[Records from a data collection]
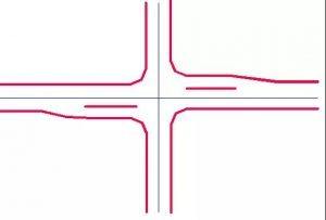 右轉(zhuǎn)車(chē)道:在進(jìn)道口右側(cè)或同時(shí)在出道口右側(cè)擴(kuò)寬
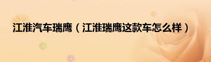 江淮汽车瑞鹰(江淮瑞鹰这款车怎么样)
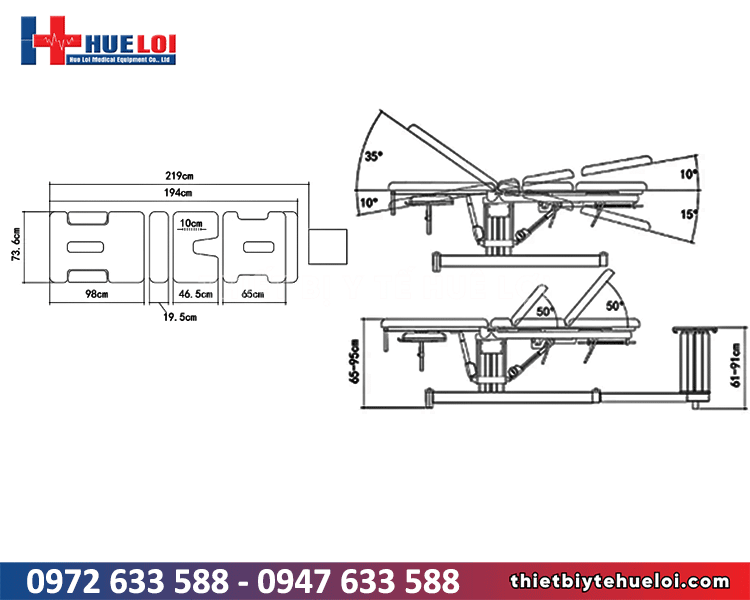 Thông số Giá trị Chiều dài tổng 194 cm Chiều rộng 73,6 cm Chiều cao 65–95 cm Chiều cao bệ kéo 61–91 cm Góc tựa lưng -10° → +35° Góc nâng chân -15° → +10° Góc tấm thứ 3 0° → +50° Góc tấm thứ 4 0° → +50° Đệm Dày 5 cm – Mút 36 kg/m³ Chứng nhận CE, FDA, ISO 13485:2016 Bảo hành 5 năm khung – 3 năm điện Tải trọng 250 kg Kích thước đóng gói 199 × 74 × 75 cm CBM 1.1
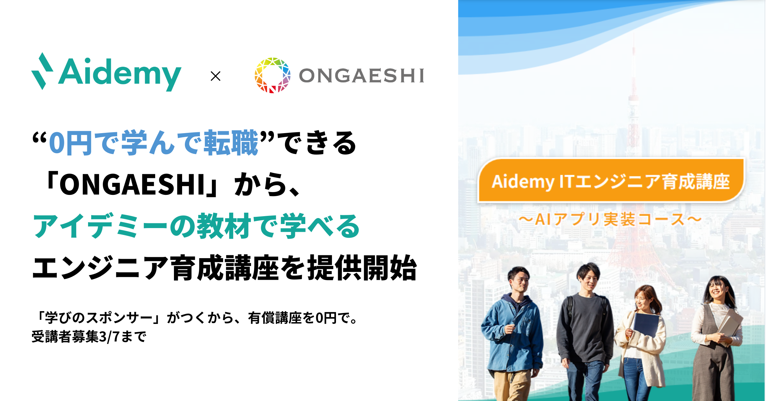 “0円で学んで転職”できる「ONGAESHI」から、アイデミーの教材で学べるエンジニア育成講座を提供開始
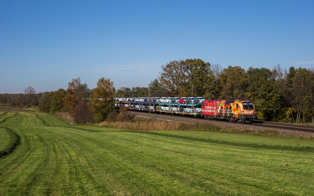 1016 048 "Niederösterreichischer Landesfeuerwehrverband" fährt mit einem Autozug bei Hilperting in Richtung Salzburg, aufgenommen am 19. Oktober 2017.
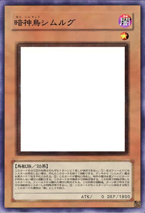 | このカード名の①②の効果はそれぞれ1ターンに1度しか使用できない。①:自分フィールドにモンスターが存在しない場合、手札のこのカードを捨てて発動できる。デッキから「シムルグ」魔法&罠カード1枚を手札に加える。②:このカードが墓地に存在し、相手の魔法&罠ゾーンにカードが存在しない場合に発動できる。このカードを守備表示で特殊召喚する。この効果で特殊召喚したこのカードは、フィールドから離れた場合に除外される。この効果の発動後、ターン終了時まで自分は鳥獣族モンスターしか特殊召喚できない。③:このカードがモンスターゾーンに存在する限り、このカードの属性は「風」としても扱う。 | |||
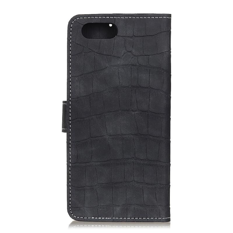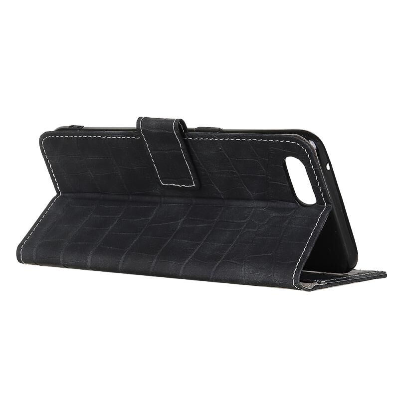 Θήκη δέρματος οριζόντιας αναδίπλωσης με υφή κροκόδειλου για iPhone SE 2022 / SE 2020 με βάση & υποδοχές καρτών & πορτοφόλι (Μαύρο)
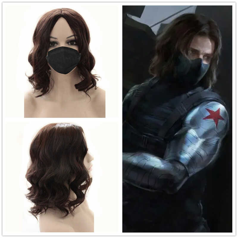 Tt Captain America COS Wig Winter Soldier Male Handsome Dark Brown Medium Split Short Curly Hair Cov
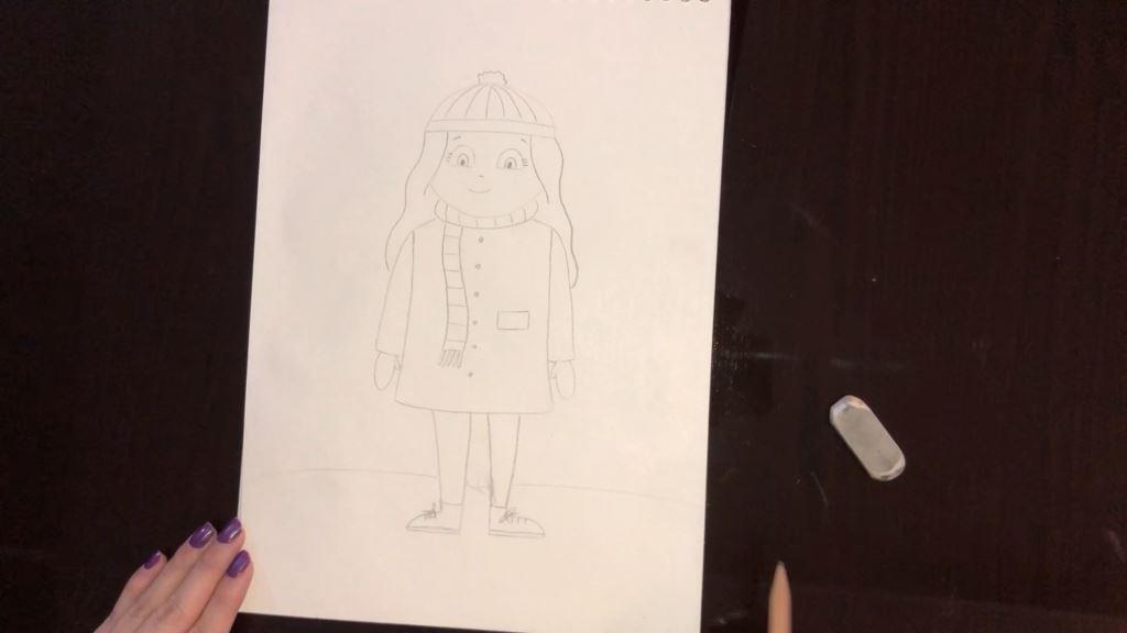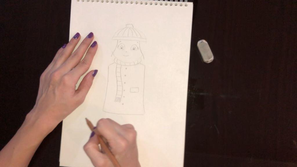 برای کشیدن بدن نقاشی دختر از یک مستطیل استفاده می کنیم. حالا می توانید برای قسمت آویزان شال گردن را با یک مستطیل رسم می کنیم و در پایین آن ریشه های شال گردن را با استفاده از بیضی های باریک می کشیم. برای کشیدن جیب از یک مستطیل خوابیده کوچک کمک می گیریم. سپس دکمه های لباس دخترک را با نقطه های درشت سیاه می کشیم.
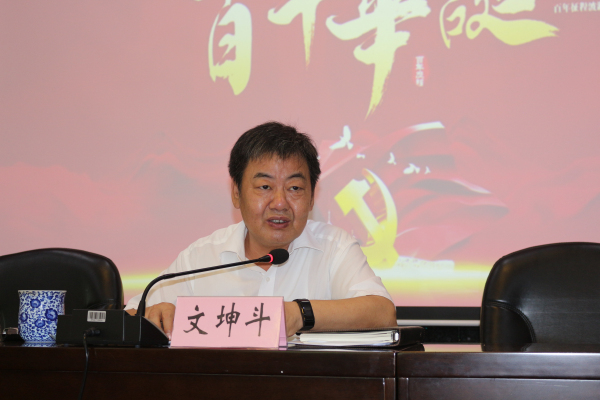 文坤斗结合个人党史学习体会,从四方面为大家上了一堂党课。一是从党的百年历史中懂理、信理,自觉运用党的创新理论指导实践、推动工作。他说,通过学习和思考,更加体会到我们中华民族之所以在中国共产党的领导下能够从站起来到富起来到强起来,逐步走进世界舞台的中央,关键在于中国共产党人能够不断进行理论创新,不断用新的理论指导革命、建设与改革开放;更加体会到百年党史就是一部马克思主义与中国革命建设改革发展实际相结合,不断进行马克思主义中国化的历史;更加体会到用习近平新时代中国特色社会主义思想武装头脑、指导实践、推动工作的重要性必要性。二是从党的百年历史中坚定信仰信念,增强推进中国特色社会主义现代化建设的信心。他从党的百年奋斗历程,到取得战疫重大战略性成果所彰显的中国强大的制度优势、精神优势和应对能力,深刻说明中国共产党为什么能、马克思主义为什么行、中国特色社会主义为什么好;三是从党的百年历史中强化忠诚、忠心,做忠诚干净担当的好干部。他说,在新时代,对党的忠诚关键体现在增强"四个意识",坚定“四个自信”,做到“两个维护”。忠诚忠心的落脚点在于立足本职,积极担当、忠实干事,积极为党工作;四是从党的百年历史中加深对党的文艺方针政策的理解,以习近平总书记关于文艺工作系列重要论述为指导,不断增强作协组织的政治性、先进性、群众性,发挥好作协职能和桥梁纽带作用,不断推动湖北文学事业高质量发展。
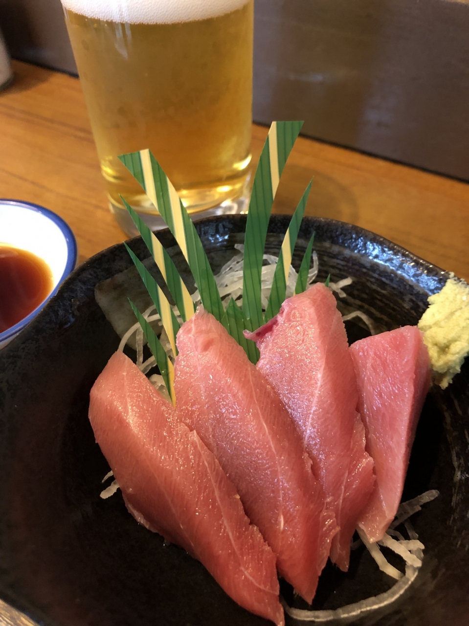 瓶ビール(大瓶)をもらって、刺身…刺身は「上まぐろ中トロ」をもらった

» What is being asked: Your answer should be the exact lines above from the one containing "19. Oktober 2017." through the one containing "برای کشیدن بدن", with both end lines kept and the pictures removed, please.

» Written solution:
 1016 048 "Niederösterreichischer Landesfeuerwehrverband" fährt mit einem Autozug bei Hilperting in Richtung Salzburg, aufgenommen am 19. Oktober 2017.
 | このカード名の①②の効果はそれぞれ1ターンに1度しか使用できない。①:自分フィールドにモンスターが存在しない場合、手札のこのカードを捨てて発動できる。デッキから「シムルグ」魔法&罠カード1枚を手札に加える。②:このカードが墓地に存在し、相手の魔法&罠ゾーンにカードが存在しない場合に発動できる。このカードを守備表示で特殊召喚する。この効果で特殊召喚したこのカードは、フィールドから離れた場合に除外される。この効果の発動後、ターン終了時まで自分は鳥獣族モンスターしか特殊召喚できない。③:このカードがモンスターゾーンに存在する限り、このカードの属性は「風」としても扱う。 | |||
 Θήκη δέρματος οριζόντιας αναδίπλωσης με υφή κροκόδειλου για iPhone SE 2022 / SE 2020 με βάση & υποδοχές καρτών & πορτοφόλι (Μαύρο)
 Tt Captain America COS Wig Winter Soldier Male Handsome Dark Brown Medium Split Short Curly Hair Cov
 برای کشیدن بدن نقاشی دختر از یک مستطیل استفاده می کنیم. حالا می توانید برای قسمت آویزان شال گردن را با یک مستطیل رسم می کنیم و در پایین آن ریشه های شال گردن را با استفاده از بیضی های باریک می کشیم. برای کشیدن جیب از یک مستطیل خوابیده کوچک کمک می گیریم. سپس دکمه های لباس دخترک را با نقطه های درشت سیاه می کشیم.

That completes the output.